Но он не сдается. Снова разлепляет спекшиеся губы и настойчиво сипит, будто ему нужно донести до меня нечто крайне важное.
— Не слышу тебя!
Он облизывается — губы остаются сухими. И повторяет, повторяет в своем диапазоне, который мое ухо воспринимать отказывается, пока у меня не получается прочесть то, что он произносит, по губам: «И глухие услышат».
Тот самый фильм. Фильм, начало которого мы столько раз молча пересматривали с ним вместе. Воображаемая семья с вакансией ребенка. Наша тайная, одна на двоих, мечта. Наш с ним заговор.
Я понимаю теперь, почему не рад Девятьсот Шестому, почему меня напугала его улыбка. Я почувствовал в нем это, как только его вкатили в палату.
Он хочет сказать: «Выберемся отсюда, айда в кинозал смотреть «И глухие услышат»», но это слишком длинно и слишком трудно. Поэтому он упрямо твердит одно название, пока до меня не дойдет, что он имеет в виду.
Киваю ему.
Девятьсот Шестой мечтает все о том же. Его завинтили в ящик задолго до меня и вытащили через два дня после, а он продолжает гнуть свое.

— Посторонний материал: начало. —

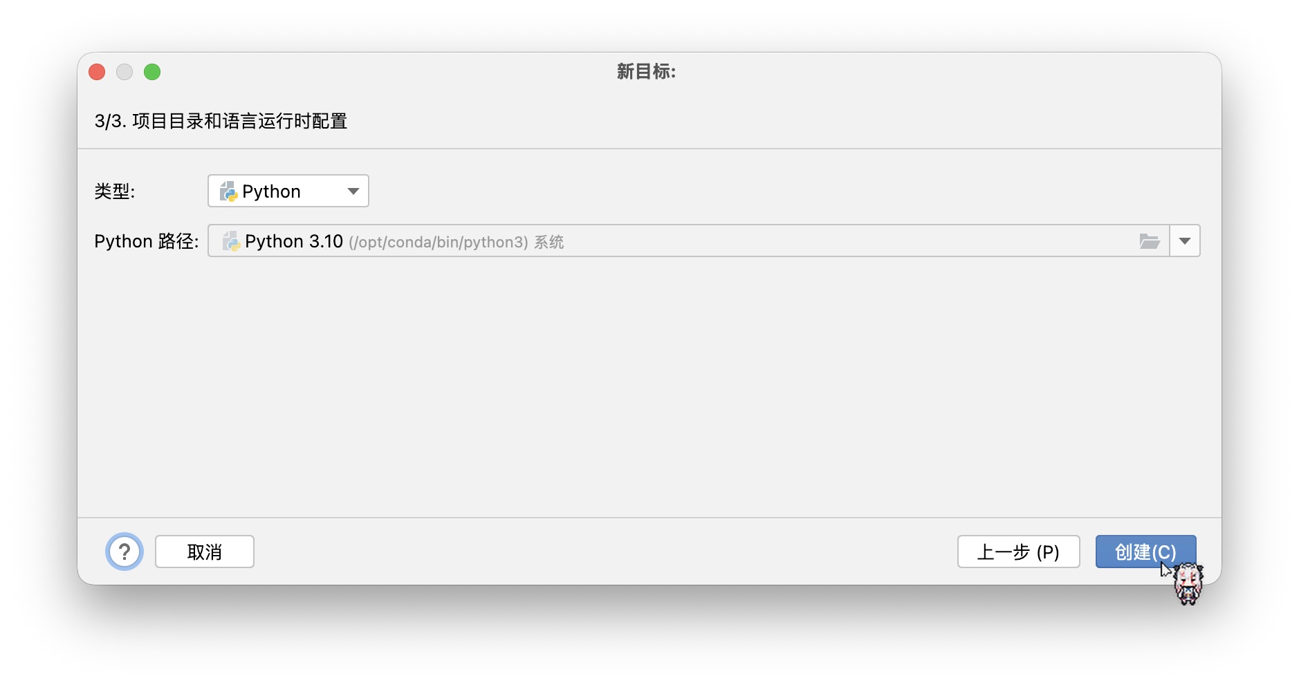 拉取完成后,可以看到 PyCharm 已经自动检测出了容器内的 Python 版本,选择你需要的那个继续就可以了:

Мне хватило моего срока, чтобы отречься и от настоящих родителей, и от воображаемых; Девятьсот Шестой хочет вернуться в дом из кубиков, не зная, что я сжег его и вытоптал всю траву, которая вокруг него росла.

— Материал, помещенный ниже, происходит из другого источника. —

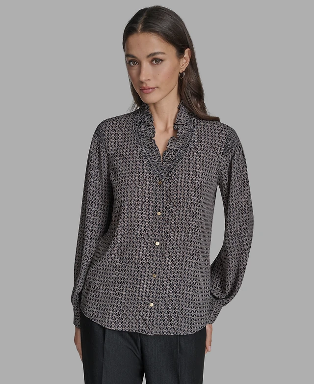 Dkny Women's Printed Puff-Sleeve Ruched Top

Он напрягается, тужится до посинения и хрипло выцарапывает на больничном воздухе: «Она хороший человек. Не преступник. Моя мать». Вся палата давится своими шепотками, а Девятьсот Шестой победно щерится и роняет голову на подушку.
Мы не сможем стать друзьями. Мы никогда не будем больше вместе смотреть «Глухих».
Я ненавижу его.
— Эй! Ты что, уснул?! Травинка щекочет мне щеку.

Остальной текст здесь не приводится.